30-year mortgage bears little resemblance to the "old" 10-year mortgage. Practically speaking, it
is "as if" Howard borrowed $800 cash by mortgaging the Westchester property nonrecourse, and
then used that borrowing to pay off his outstanding personal debt of $1,000. If he actually did
that, of course, there would be no doubt about taxability.
So: is there any real difference between what Howard proposes to do and what Kirby Lumber did
when it repurchased its outstanding debentures for less than face amount? There's some,
admittedly, since the Bank can claim any further appreciation in the Westchester property up to
$200 if Howard defaults. But will that be a saving factor? The Knetsch case, and even more
clearly the decision in Estate of Franklin, support the proposition that nonrecourse debt lacks
bona fide status if (or to the extent that) its economic significance depends on substantial
subsequent appreciation in the value of the securing property. Here, the property would have to
appreciate a further 25% ($800 to $1,000) before the original debt became fully collectible. For
tax purposes, therefore, maybe the original debt of $1,000 should be deemed to have been scaled
down to equal the value of the substituted collateral -- $800.

#3. The Westchester property cost $300 and is now worth $800. Might there be a "realization"
problem? If we viewed the proposed arrangement as involving an exchange of the Westchester
residence for the release of Howard's personal debt, it would follow that the $500 ($800-$300) of
appreciation would be deemed realized and hence taxable as capital gain. If I owe my tailor $10
and he accepts in satisfaction stock that cost me $3 and has a value of $8, I suppose it could be
argued that I have both $2 of ordinary debt-cancellation income and $5 of realized capital gain.
Or perhaps the "exchange" would not be fragmented in that fashion (see the majority's rejection
of Justice O'Connor's concurring opinion in Tufts); if not, the result would be a $700 capital gain
and no ordinary debt-cancellation income at all.
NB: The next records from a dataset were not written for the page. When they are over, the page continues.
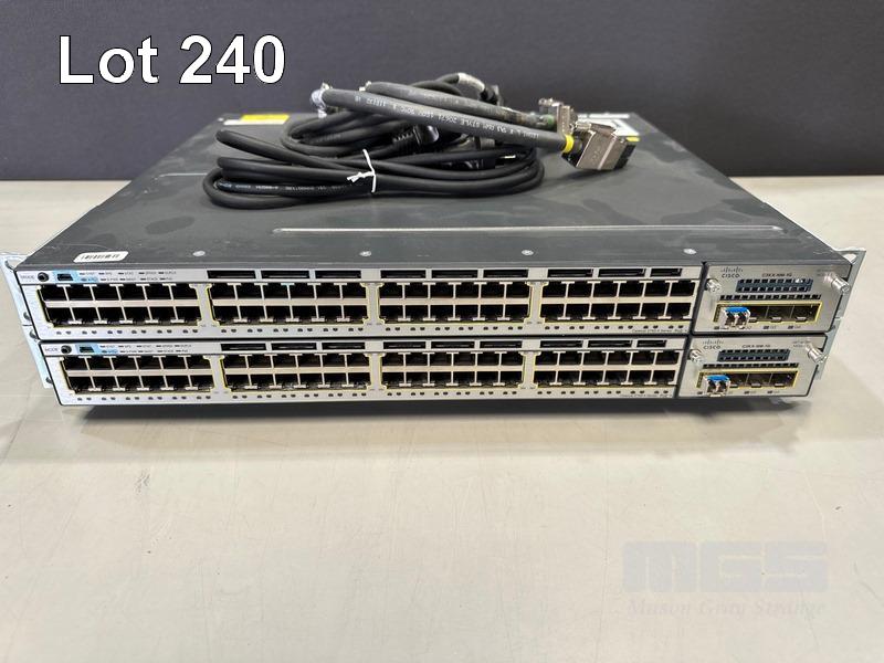 2 x CISCO CATALYST 3750-X SERIES 48-PORT SWITCHES, WS-C3750X-48P-S V05 EACH WITH C3KX-NM-1G NETWORK MODULE, STACK CABLES & IEC-C15 NOTCH POWER CABLES S/N:FDO1741R2B1, FDO1742R0HH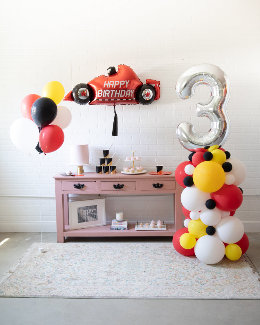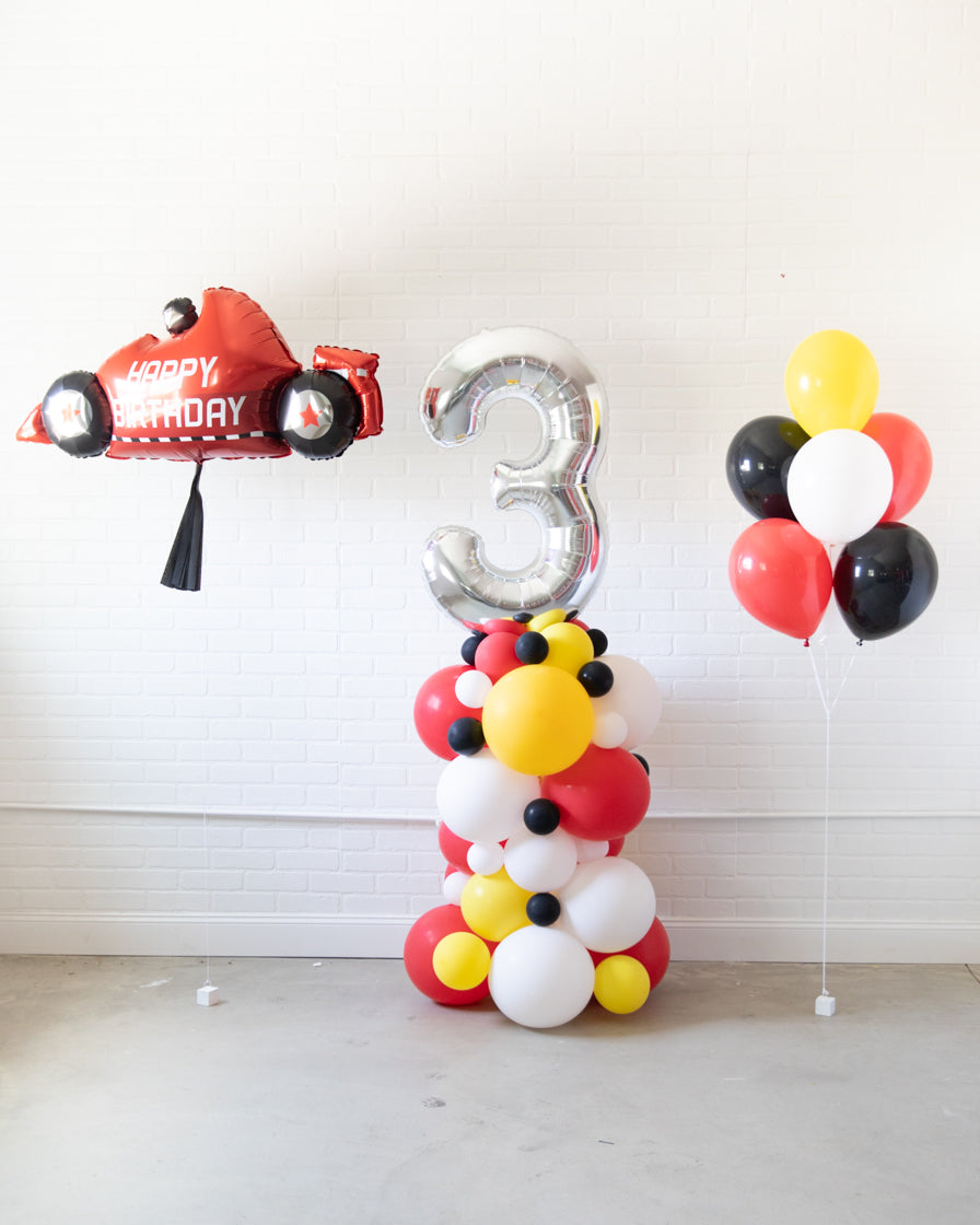Add plenty of fun to your race car inspired birthday for your little one. This includes a Race Car mylar balloon, balloon bouquet and a silver number balloon column, to dress up any space in style.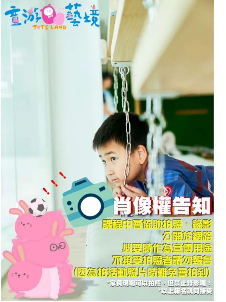 - 參加課程時,最多兩位成人入場陪同。課程期間,課程助理會拍照、錄影公開於網路作為宣傳用途,不接受拍照者請勿報名(因為課程進行中拍照,難免會拍到無法完全避開)。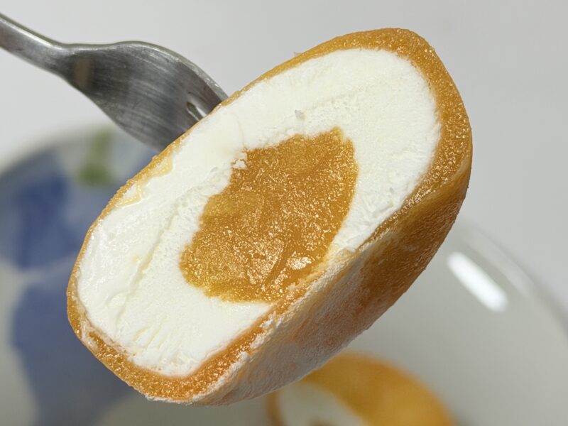 早速食べてみると、外側のおもち部分もマンゴーの味がほんのりとします。

To be sure, Howard hasn't given up equitable ownership of the Westchester property, and
Woodsam holds that nonrecourse mortgaging is not a realization. So perhaps the idea that the
property has been "exchanged" is rebuttable. Even so, the West. property is the essential element
in a deal that enables Howard to eliminate his personal indebtedness, and in that sense it might
be said to have been converted, or "drawn down", rather than merely used as collateral.

A lot depends on whether Howard's original mortgage debt would be deemed to have survived
the proposed restructuring - - or whether, on the other hand, the new arrangement would be
considered to have taken the place of the old. If the former, then the well-established Crane rule
-- viz., that personal and nonrecourse debt are indistinguishable for tax purposes - - would pretty
clearly point to the no-tax result in #1. Otherwise, if the latter.